К сплетникам подошел четвертый –
поинтересовался:
– О ком речь?
– О Сидорове, – сказал первый.
– Нет, о Петрове, – возразил второй.
– А я думал, что об Иванове! – удивился
третий и пояснил, – я точно знаю, что ему предложили написать заявление по
собственному желанию.
2
Сидоров-Петров-Иванову снились змеи.
Одна из них лежала в болотной луже, только ноздри торчали над поверхностью –
вот почему он не заметил ее! Змея сделала резкое движение, и он кинулся
бежать, задыхаясь и напряженно рассуждая о том, ядовитая она или нет.
Оглянулся – почувствовал, что у змеи отрасли крылья. «Неужели догонит!» –
подумал и приподнялся, опираясь на локоть. В воздухе плавали мелкие вещи –
курительная трубка, пепельница, восемь матрешек и зубная щетка – все это
приближалось к кишке металлического шланга, торчащей из дверной щели. Дышать
было нечем – воздух высасывался... «Попасть на улицу через дверь я не могу, –
рассуждал он. – Даже пробовать не надо – кто-то придерживает ее – не мог же
там появиться шланг сам по себе, – почему я задыхаюсь? – воздух должен
поступать с улицы, но, увы – похоже, что вся планета лишается атмосферы!»
Радио передавало утренние новости, голос диктора звучал бодрее обычного, но
дышать становилось все труднее. Передвигая то стул, то себя, Сидоров-Петров-Иванов
открыл дверцу шкафа, вытащил все простыни, которые там находились, и
состыковал их надежными узлами. Привязал один конец к батарее – остальные,
открыв окно, перебросил через подоконник. Окна соседних квартир оказались
открытыми. «Видно там происходит то же самое», – подумал он, пальцами и
зубами вцепившись в самодельный шнур.
Сидоров-Петров-Иванов ошибался – на улице ничего не изменилось – прохожие
улыбались, разговаривали друг с другом, терпеливо стояли на трамвайных
остановках – только ему не хватало воздуха! «Я болен, я сумасшедший!» –
говорил он самому себе, жадно присматриваясь к тому, что происходит вокруг.
Сомнение подтачивало его силы все больше – «а если я нормален?» – задавал он
себе нелепый вопрос и казнил себя за тот первобытный эгоизм, который делал из
него художника. Даже окурок, оставивший на себе ободок оранжевой помады,
вызывал его реакцию; даже в спичках, которые зажигались то тут, то там, он
надеялся заметить что-нибудь тождественное тому состоянию, в котором
находился он сам. И вдруг ему повезло – на углу улицы лежал замусоренный
клочок газеты – его взгляд остановился, прикованный необыкновенным текстом:
ВСЕМ, ИСПЫТЫВАЮЩИМ КИСЛОРОДНОЕ ГОЛОДАНИЕ, ОБРАЩАТЬСЯ ПО АДРЕСУ: г.

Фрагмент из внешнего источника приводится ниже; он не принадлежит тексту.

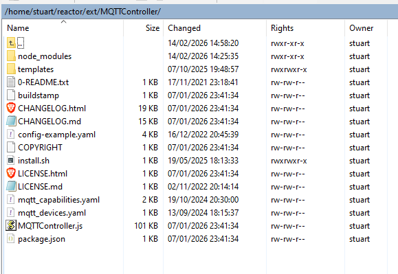 implementation: MQTTControllertoclass: MQTTControllerand it also told me to add these two lines at the top of the reactor.yaml filesystem: extension_path: /home/stuart/reactor/extI don't know if it made that up or read it somewhere, I could not see any reference to it. Anyway MSR didn't want to load the MQTT Controller into Entities when I changed it to "class" instead of "implementation".
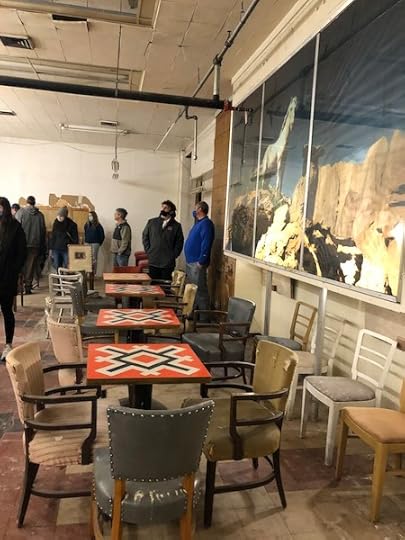 And this is an image from the inside. The White Horse mural had been covered up, but is now visible to everyone who goes through. The developer’s plan is to open the restaurants and have storefronts before restoring the rooms and ballroom. (I really want to see the ballroom because key scenes happen there.)
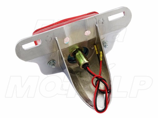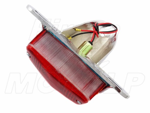 Lampa z czerwonym kloszem białą żarówką 12V 23/8W (światło pozycyjne, stop oraz podświetlenie tablicy rejestracyjnej).

Кладбищенск, кислородный завод...
Приписка – ехать любым троллейбусом до тупика!
3
Молодая медсестра повела его по узкой
аллее, усаженной низкими кустарниками, к большому двухэтажному зданию,
огражденному колючей проволокой. Миновав проходную, отомкнула бронированную
дверь и вежливо попросила войти.
В комнате горели лампы дневного
освещения. В центре возвышался бак с резиновыми присосками.
На стенке бака слесарным зубилом
вырублено
.

.
Возле присосок на коленях стояли люди и
жадно дышали. Второй выход из комнаты закрывала металлическая решетка – возле
нее на табурете сидел санитар-игралкинец, стриженный под ежика.
– Делай то, что делают другие, – сказал
он и новичок, упав на колени, пополз к баку.
4
Через день-два на доске происшествий
появилось объявление: ВНИМАНИЕ! – разыскивается человек, пропавший без вести.
Возраст – 33 года. На правой щеке, возле уха, родимое пятно величиной с
пятак. ВСЕХ, КТО ЧТО-НИБУДЬ ЗНАЕТ, ПРОСИМ СООБЩИТЬ В МЕСТНОЕ ОТДЕЛЕНИЕ
МИЛИЦИИ.
Объявление висело полгода, но такая
приманка приклеивалась не первый раз – ее старались не замечать, а если и
замечали, то, ускоряя шаги, проходили мимо – каждый был рад тому, что еще
дышит!
5
.

.
.
ВЕРБОВАННЫЙ
Романтик: Запах сосны!
Папоротники! Корень женьшень! Тундра! Олени! Охота на медведей!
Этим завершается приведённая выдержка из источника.